**WORK ORDER**
Return the material below exactly, but only from the line with "第3个问题,我让他最后总结一" through the line with "Esta ruiva de", and without its pictures.

**RECORDS SHOWN**
***

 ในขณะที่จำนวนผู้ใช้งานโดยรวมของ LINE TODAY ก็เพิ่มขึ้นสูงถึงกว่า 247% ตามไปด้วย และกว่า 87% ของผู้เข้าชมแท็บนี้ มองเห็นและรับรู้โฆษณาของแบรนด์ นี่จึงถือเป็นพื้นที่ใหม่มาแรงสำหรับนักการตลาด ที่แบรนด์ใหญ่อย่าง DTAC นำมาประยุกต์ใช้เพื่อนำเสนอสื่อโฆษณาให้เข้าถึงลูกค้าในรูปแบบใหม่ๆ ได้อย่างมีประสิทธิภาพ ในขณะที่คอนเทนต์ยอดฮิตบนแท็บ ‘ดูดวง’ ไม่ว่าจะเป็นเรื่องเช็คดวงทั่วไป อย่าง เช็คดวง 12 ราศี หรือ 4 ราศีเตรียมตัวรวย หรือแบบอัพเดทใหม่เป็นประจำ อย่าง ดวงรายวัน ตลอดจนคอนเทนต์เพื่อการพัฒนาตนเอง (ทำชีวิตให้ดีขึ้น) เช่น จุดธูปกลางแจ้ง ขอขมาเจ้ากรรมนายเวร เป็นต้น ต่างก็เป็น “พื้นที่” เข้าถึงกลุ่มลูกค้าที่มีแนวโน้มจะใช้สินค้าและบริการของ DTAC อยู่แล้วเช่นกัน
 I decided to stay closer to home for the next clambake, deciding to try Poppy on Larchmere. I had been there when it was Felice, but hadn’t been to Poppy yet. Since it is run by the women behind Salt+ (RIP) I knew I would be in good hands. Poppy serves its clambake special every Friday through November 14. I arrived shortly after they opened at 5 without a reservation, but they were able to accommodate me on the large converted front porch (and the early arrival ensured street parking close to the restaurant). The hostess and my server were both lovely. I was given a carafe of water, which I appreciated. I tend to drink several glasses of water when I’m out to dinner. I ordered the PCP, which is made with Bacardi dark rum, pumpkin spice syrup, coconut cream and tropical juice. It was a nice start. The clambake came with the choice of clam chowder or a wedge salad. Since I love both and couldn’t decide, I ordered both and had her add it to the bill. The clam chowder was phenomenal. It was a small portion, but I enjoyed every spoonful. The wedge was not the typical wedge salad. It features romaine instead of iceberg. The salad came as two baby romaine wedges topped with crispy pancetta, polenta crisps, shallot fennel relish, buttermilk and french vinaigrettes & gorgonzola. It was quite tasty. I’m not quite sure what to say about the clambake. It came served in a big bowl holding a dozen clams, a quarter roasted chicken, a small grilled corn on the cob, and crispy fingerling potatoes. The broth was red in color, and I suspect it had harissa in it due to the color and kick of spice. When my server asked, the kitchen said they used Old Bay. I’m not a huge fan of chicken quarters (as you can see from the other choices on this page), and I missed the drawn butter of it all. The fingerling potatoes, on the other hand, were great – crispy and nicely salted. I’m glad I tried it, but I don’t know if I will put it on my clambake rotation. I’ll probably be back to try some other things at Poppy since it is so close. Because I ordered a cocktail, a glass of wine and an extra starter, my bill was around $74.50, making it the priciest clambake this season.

***

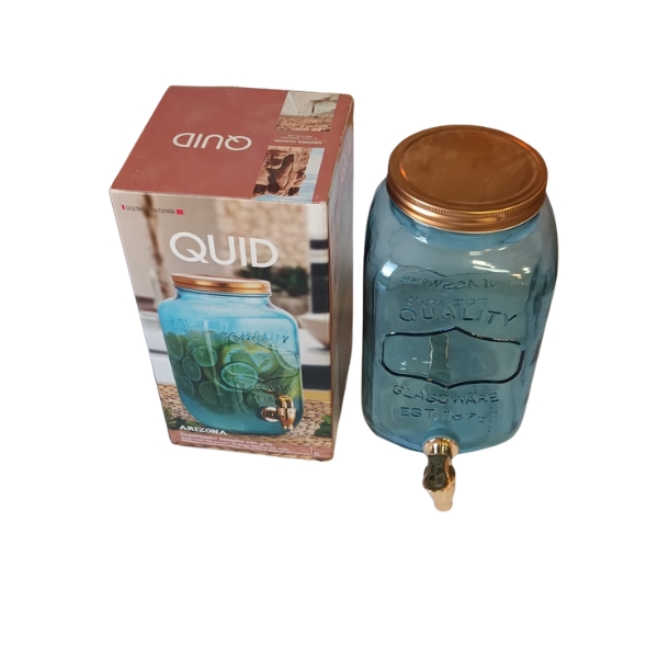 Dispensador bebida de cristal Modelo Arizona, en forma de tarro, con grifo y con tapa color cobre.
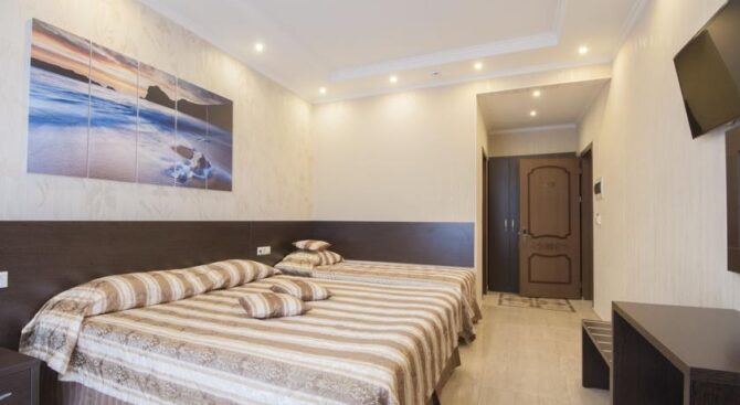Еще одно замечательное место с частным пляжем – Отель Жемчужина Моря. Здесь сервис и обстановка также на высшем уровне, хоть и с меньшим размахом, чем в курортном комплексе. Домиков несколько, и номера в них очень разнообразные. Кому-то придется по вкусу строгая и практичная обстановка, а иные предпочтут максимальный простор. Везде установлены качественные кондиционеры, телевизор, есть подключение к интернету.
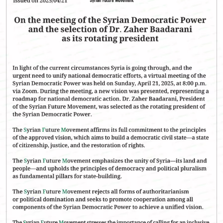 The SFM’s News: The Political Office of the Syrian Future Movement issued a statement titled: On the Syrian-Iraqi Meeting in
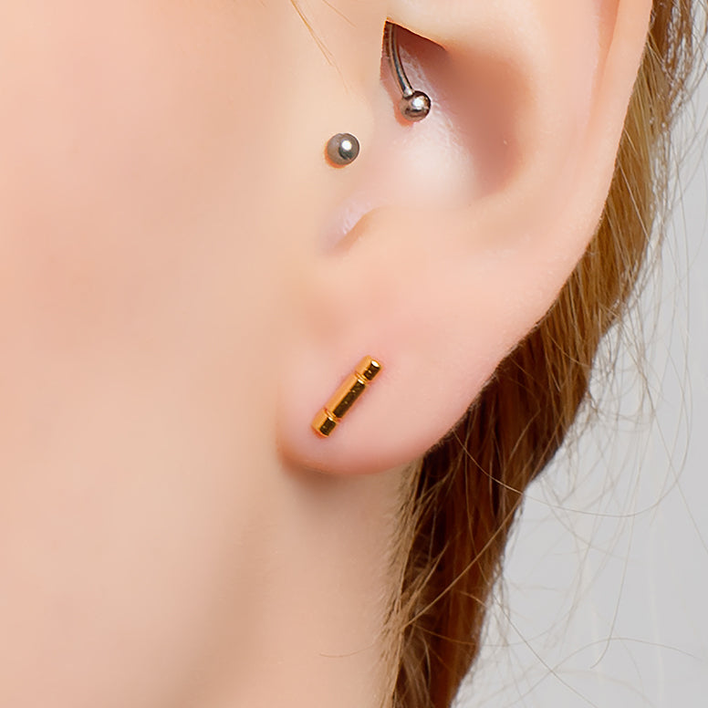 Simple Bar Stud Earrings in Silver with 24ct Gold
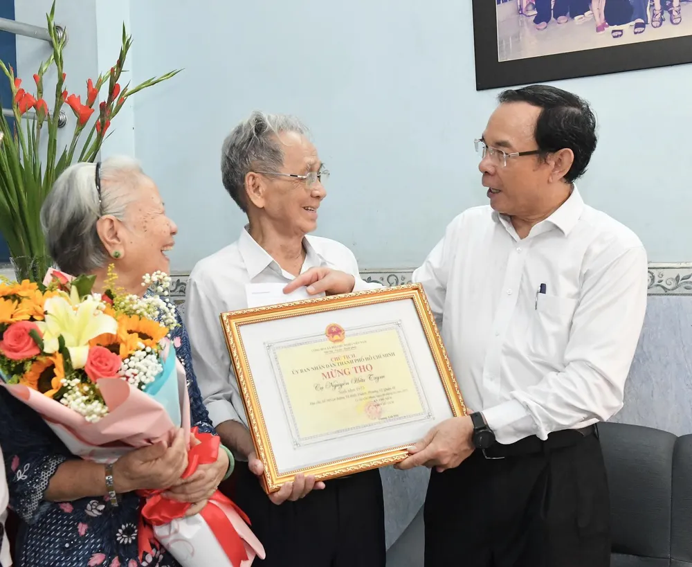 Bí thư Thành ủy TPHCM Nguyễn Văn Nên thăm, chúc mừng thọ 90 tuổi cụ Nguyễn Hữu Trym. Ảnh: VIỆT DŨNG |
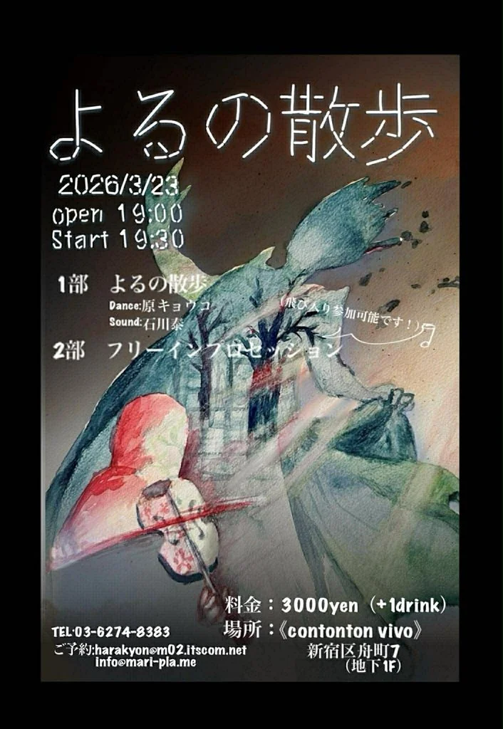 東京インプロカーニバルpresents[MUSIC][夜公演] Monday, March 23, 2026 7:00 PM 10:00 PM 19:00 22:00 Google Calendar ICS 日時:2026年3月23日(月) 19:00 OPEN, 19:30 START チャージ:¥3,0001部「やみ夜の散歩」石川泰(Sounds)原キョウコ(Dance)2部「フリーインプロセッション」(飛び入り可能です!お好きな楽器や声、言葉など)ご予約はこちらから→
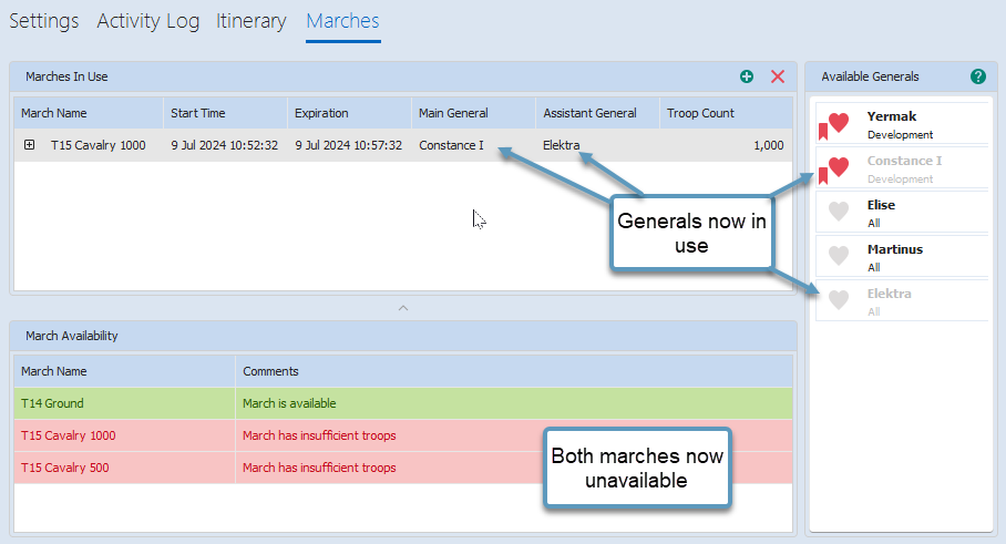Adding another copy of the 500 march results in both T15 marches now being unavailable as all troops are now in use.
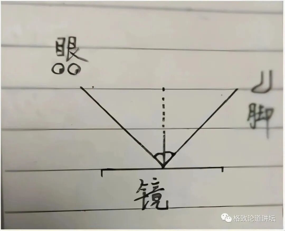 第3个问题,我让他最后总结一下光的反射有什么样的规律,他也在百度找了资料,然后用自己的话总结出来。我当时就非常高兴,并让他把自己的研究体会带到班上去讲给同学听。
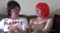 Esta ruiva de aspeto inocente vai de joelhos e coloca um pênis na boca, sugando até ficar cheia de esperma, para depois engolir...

***

**RESPONSE AREA**
 第3个问题,我让他最后总结一下光的反射有什么样的规律,他也在百度找了资料,然后用自己的话总结出来。我当时就非常高兴,并让他把自己的研究体会带到班上去讲给同学听。
 Esta ruiva de aspeto inocente vai de joelhos e coloca um pênis na boca, sugando até ficar cheia de esperma, para depois engolir...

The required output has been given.